Пусто и одиноко стало Самунину. Он походил из угла в угол комнаты, вышел на улицу, посидел в аллее на скамейке, потом вернулся и у входа, на столе дежурной, обнаружил письмо, на конверте которого ему сразу бросилась в глаза фамилия — Шкропанец. Он взял его и так охотно, так радостно заспешил к воротам! Может, они еще не уехали и стоят на автобусной остановке? Как они обрадуются! Но, увы, их там не было!.. Это огорчило его больше, чем он сам мог предположить. Так огорчило, что готов был взять такси и помчаться в аэропорт, однако при спокойном размышлении он решил, что это было бы просто смешно и глупо.

Весь остаток дня Самунин пребывал в недоуменно-мрачном расположении духа. Ему не хотелось ни на пляж, ни в пальмовую аллею. Обедал он нехотя, без аппетита, и сразу после обеда стал сердито собирать вещи в чемодан, хотя до отъезда времени было полдня. Собирался с обиженным видом, словно эта красивая женщина, Оксана Васильевна, обманула его в чем-то, покинула, оставила…

Уже в поезде, расположившись на своей полке, он вспомнил о письме, достал его, разорвал конверт, развернул лист — и вот первое, что попалось ему на глаза: «Чомусь мени здаеться, що… у нас все будет занадто складним. Чому? Розумиешь, Лесю?..»

«Погоди-ка, что еще за Лесю?» — остановил себя Самунин. Только тут он сообразил, что письмо адресовано не Оксане Васильевне, а ее сумрачной дочери. «Как так! — удивился он. — Да это же любовное послание! Той птичке-синичке? Разве ей уже можно писать такое?..»

Да, он держал в руках настоящее любовное письмо, где было и ласковое обращение «люба моя дивчинко», и рассуждение о любви; письмо с обязательными обидами и оправданиями, с законспирированным именем в конце — А.

Андрей Петрович лежал на полке, закинув за голову руку, и вспоминал: это что же, вот та девчонка в крайне короткой юбочке, которая казалась бы совсем неприличной, если бы не юный возраст ее обладательницы, — та девчонка получает такие послания?!

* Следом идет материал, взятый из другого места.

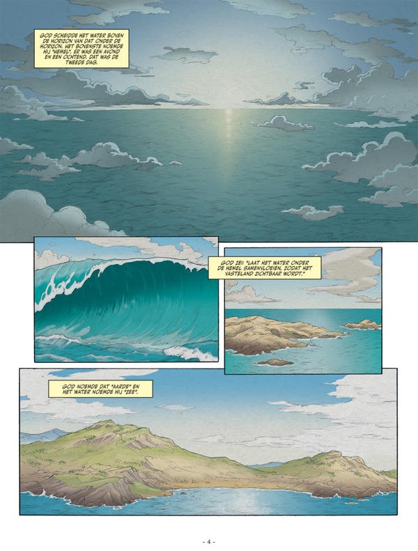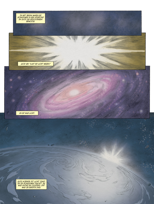 Eerst is er duisternis, daarna schept God in zes dagen het universum. Hij creëert een ongeziene schoonheid en elk detail is perfect: hemel, zee, aarde, planten, dieren en Adam, de eerste mens, geschapen naar Zijn evenbeeld. Hij geeft Adam een metgezel: Eva. Samen delen ze alle geneugten van de hof van Eden. Eva bezwijkt echter voor de leugens van de slang – een personificatie van het Kwade – die de mens wil scheiden van Gods verlossing. Verjaagd uit het paradijs, bevolken Adam en Eva de aarde, terwijl ze de last van de eeuwige zonde dragen …

Теперь Андрей Петрович ясно вспомнил, что верно, Леся каждый день приходила к обеду с письмом. Каждый день, уж сидя за столом с ложкой в руке, она разрывала конверт и читала, сумрачно улыбаясь.

И у этой пичуги — любовь? Это по ее адресу вздох: «Який колир твого волосся та очей»? Это ей адресован робкий упрек: «А до того ж ти дуже горда…»? Это она вызывает такую ревнивую заботу и тревогу: «Чи ти зминилася»?

И чем продолжительнее он думал о ней, тем больше и больше дивился: какая же там может быть любовь, коли сама она, эта Леся, как коза — локти остры, коленки костлявы, ключицы торчат, словно дверные скобки? Другое дело ее мама: у той волосы пышные, походка вальяжная, а фигура как у древнегреческой статуи. Красивая, цветущая женщина, в самой лучшей поре. Вот у нее может быть любовь! Вот она достойна самой горячей любви и она может подвигнуть на это великое дело кого угодно!

А дочка что?! Дочка еще тот зеленый росток, который хотя и хорош собою, но цвести не может. Рано!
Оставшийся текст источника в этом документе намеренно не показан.